I use trackpad on MBP, and a Microsoft Basic mouse on both my iMac, and work Dell laptop.
I cannot stand PC trackpads. They're all so twitchy. I can't hover my finger over the pad without it clicking, or jostling the cursor around. I have the Dell setup to disable the trackpad when a mouse is connected. With a MBP, I've never had a problem.
As for the "Is the Magic Mouse any good" question. I tried to get used to it for about a year. I just couldn't.
First, like PC trackpads, the touch was too sensitive. When moving between keyboard to mouse it would decide I'd done some sort of gesture and scroll, assume I meant to go "back", or some other nonsense. No matter how steady I'd try to grab it, or how "all at once" I tried to be, I'd trigger something. Infuriating. They really should have had some sort of delay on accepting gestures when detecting you're just grabbing the mouse.

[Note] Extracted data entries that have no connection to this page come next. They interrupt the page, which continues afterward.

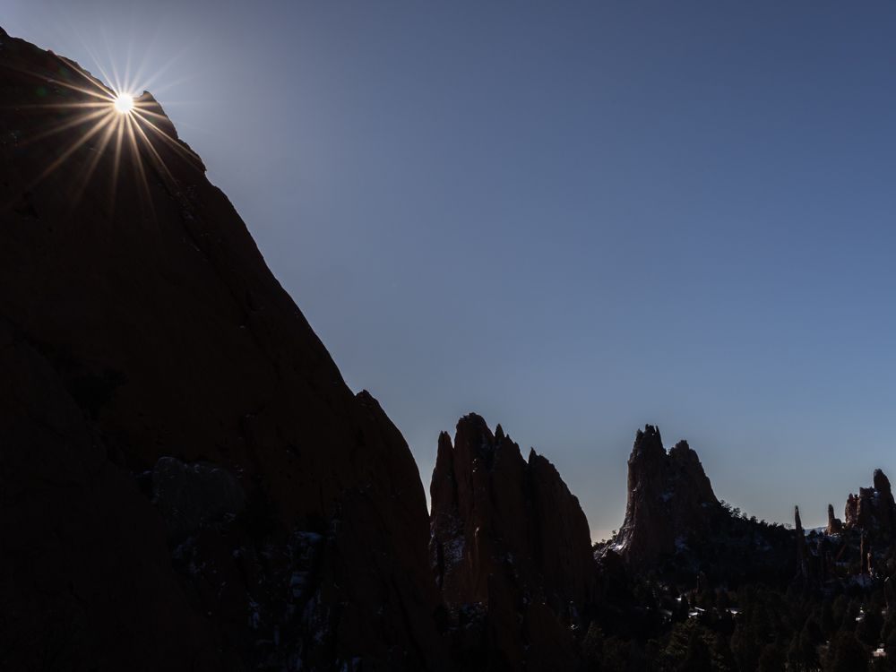 Rock formations with sun star from Parking lot 3, Garden of the Gods
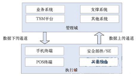 基于上述NFC业务运营的角色需求,我们将NFC业务系统模型分为管理域和执行域两大部分,分别通过数据上传通道和数据下传通道进行连接,如图 2所示。1)管理域。面向NFC业务的运营和开展,进行业务管理、用户数据的处理等,是对应系统架构图的NFC业务平台。2)执行域。面向用户的NFC生态环境,真正贴近用户本身,开展具体的基于NFC技术的业务;对应系统架构图的智能信息终端和智能终端。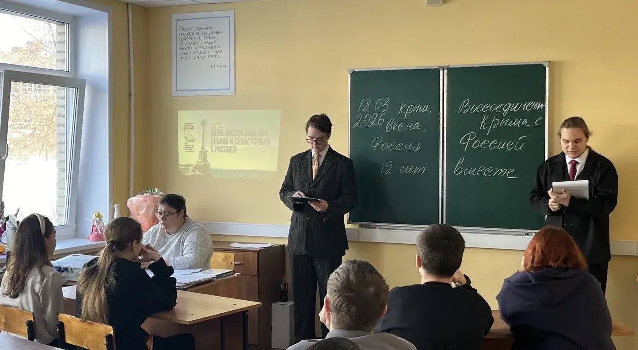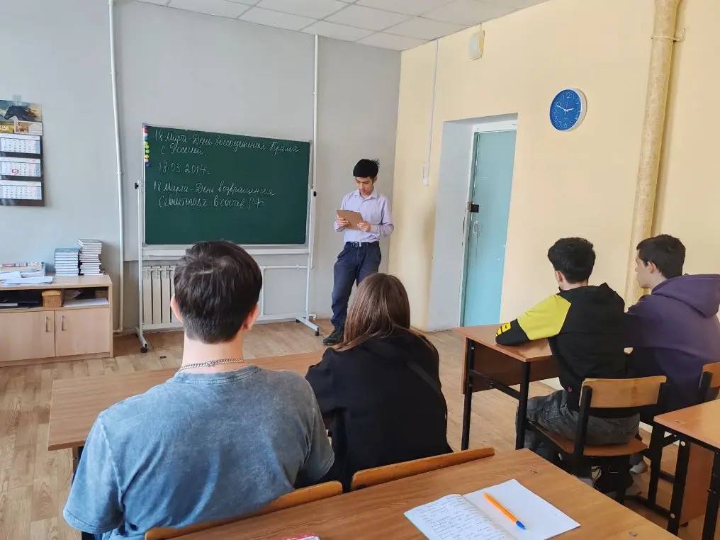17 марта в СП 5,6 ГБПОУ МО "Щелковского колледжа" в группах 5433, 5510, 6511/2, 6534/1, 5549 проведен патриотический час в формате историко-литературно-музыкальной композиции "Крым, весна, Россия", посвященный Дню воссоединения Крыма с Россией.
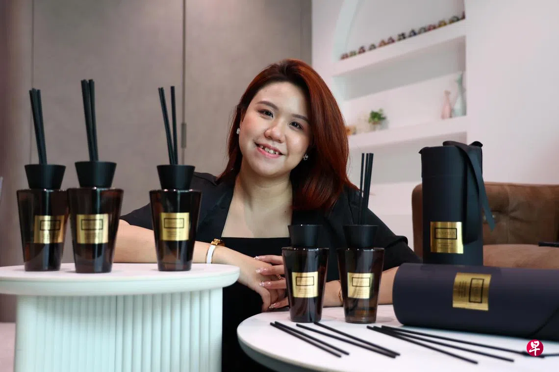 31岁的室内设计师陈美君在为客户设计新家时,想到自己素来喜欢香薰的味道,也希望用气味为人们打造归属感。大约一年多前,她通过亲身调试,开发出多种香型的藤条香薰(reed diffuser),提升居家品质。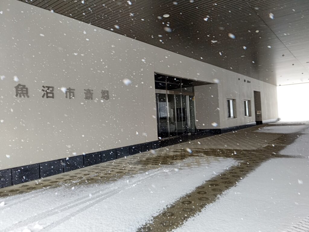 魚沼市斎場の周辺も雪が降り積もり、見渡せないほどの積雪がございます。

Second, Mojang and Google Maps both refused to interpret the scroll gestures correctly. I couldn't easily change inventory slots in Minecraft (without relying on the keyboard), and Google would just zoom to as far in or as far out as possible at the slightest use of the scroll action. Often accidental input ended up wasting any mapping effort I tried. Perhaps Google was trying to hurt Apple's brand, but I really just hurt my opinion of Google... the rest of the web dealt with scrolling just fine.
Third, and what did hurt my opinion of Apple though, was that the mouse was awful finicky about batteries being the exact diameter they preferred. I had the first rev mouse that used actual batteries. I figured Eneloops were perfect, as they keep charge when not used for a long time... but no. The batteries didn't sit quite aligned with where Apple wanted them, and would just not work half the time. Wrapping them in a sheet or two of paper to increase their diameter enough to made them work. AA (or AAA, I don't remember) connectors shouldn't have so little tolerance. The next gen mouse with the built in battery with the charging port on the bottom instead of the back like every corded mouse ever... I just don't understand. Sure it charges quickly, but something you just need to get something done *now*. Whoever designed that is probably the same person that designed the Apple Pencil v1 charging by sticking out the bottom of your iPad. Colossally bad user hostile designs, IMO.